Slotkin Rebecca, Kyriakides Tassos C, Yu Vinni, Chen Xien, Kundu Anupam, Gupta Shaili
Department of Medicine, Yale School of Medicine, 950 Campbell Ave, Bldg 1, Floor 5, West Haven, CT, 06516, United States, 1 2038005320.
Cooperative Studies Program Coordinating Center, VA CT Healthcare System, West Haven, CT, 06516, United States.
JMIR Form Res. 2025 Apr 22;9:e59467. doi: 10.2196/59467.
This study illustrates the development of a simple web-based application, which demonstrates the relationship between serum anti-SARS-CoV-2 S1/receptor-binding domain immunoglobulin G (IgG) and anti-SARS-CoV-2 neutralizing antibody (nAb) half-maximal inhibitory concentration (IC50) titers in a vaccinated US adult population and compares them to prior data on nAb titers at different time points after vaccination.
The objective of this study is to create an easily accessible calculator that uses the results of commercially available anti-SARS-CoV-2 serum IgG to approximate the underlying ability to neutralize SARS-CoV-2.
Our web-based application leveraged two previously published datasets. One dataset demonstrated a robust correlation between nAb and serum IgG. The other dataset measured nAb titers at specific time periods over a year-long interval following a messenger RNA vaccination primary series and booster vaccine dose. Clinical factors that were statistically significant on a forward linear regression model examining the prediction of nAb from serum IgG were incorporated in the application tool.
By combining the datasets described above, we developed a publicly available web-based application that allows users to enter a serum IgG value and determine their estimated nAb titer. The application contextualizes the estimated nAb titer with the theoretical distance from the corresponding vaccine-mediated antibody protection. Using the clinical variables that had a significant impact on how well IgG values predict nAb titers, this application allows for a patient-centered, nAb titer prediction.
This application offers an example of how we might bring the advances made in scientific research on protective antibodies post-SARS-CoV-2 vaccination into the clinical sphere with practical tools.
本研究阐述了一个简单的基于网络的应用程序的开发过程,该程序展示了美国成年接种人群中血清抗SARS-CoV-2 S1/受体结合域免疫球蛋白G(IgG)与抗SARS-CoV-2中和抗体(nAb)半数最大抑制浓度(IC50)滴度之间的关系,并将其与接种疫苗后不同时间点的nAb滴度先前数据进行比较。

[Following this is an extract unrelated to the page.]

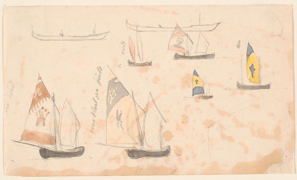 Curator: The Rijksmuseum holds this pencil drawing from Willem Bastiaan Tholen titled, “Diverse studies van boten en enkele figuurstudies.” It’s thought to have been created sometime between 1870 and 1931. Editor: There's a stillness here despite all the implied movement of the boats. A hazy, almost dreamlike quality... it's quite serene. Curator: Yes, the texture created by the pencil lends itself to that hazy feeling. It also highlights the labor involved in creating each individual study on the page. Consider the numerous compositional tests on a single sheet, indicative of a direct engagement with his materials. Editor: I'm thinking about maritime labor itself. Who were these sailors? Were they independent fishermen, or part of a larger commercial enterprise? This connects to broader issues of class, and how art often obscures the hands that physically keep things afloat, literally and figuratively. Curator: That's insightful. The way Tholen captures the light playing on the water, reflecting off the hulls, required not only skill but an intimate knowledge of the boats. What sort of labor was needed to keep them in top conditions at the sea, and how might such details affect its impressionistic context? Editor: I find myself thinking about how these sketches also document a specific moment in Dutch history. The late 19th and early 20th centuries were times of massive social change. Were these images possibly intended to romanticize a traditional way of life in contrast to modern industrialization? Curator: It's plausible. What's particularly fascinating to me is Tholen's repeated exploration of the same subject. It is the nature of the raw pencil marks upon the surface of the sheet itself and how they begin to capture the world with this basic medium. Editor: I agree. Ultimately, for me, these studies remind us of the interconnectedness of our past, how historical forces shape seemingly simple scenes. Art is so embedded in these circumstances! Curator: The materiality serves as the foundation, the anchor, grounding this study in tangible, relatable terms of a human working on creating artwork in its simplest and most essential form. Editor: And seeing it all woven into this intimate visual record really transforms my view of the piece.

本研究的目的是创建一个易于使用的计算器,利用市售抗SARS-CoV-2血清IgG的结果来近似中和SARS-CoV-2的潜在能力。
我们基于网络的应用程序利用了两个先前发表的数据集。一个数据集显示了nAb与血清IgG之间的强相关性。另一个数据集在信使核糖核酸疫苗初免系列和加强疫苗接种后的一年时间间隔内的特定时间段测量了nAb滴度。在研究从血清IgG预测nAb的正向线性回归模型上具有统计学意义的临床因素被纳入应用工具中。
通过合并上述数据集,我们开发了一个公开可用的基于网络的应用程序,允许用户输入血清IgG值并确定其估计的nAb滴度。该应用程序将估计的nAb滴度与来自相应疫苗介导的抗体保护的理论距离相关联。利用对IgG值预测nAb滴度的效果有显著影响的临床变量,此应用程序实现了以患者为中心的nAb滴度预测。
本应用程序提供了一个示例,展示了我们如何利用实用工具将SARS-CoV-2疫苗接种后保护性抗体科学研究取得的进展引入临床领域。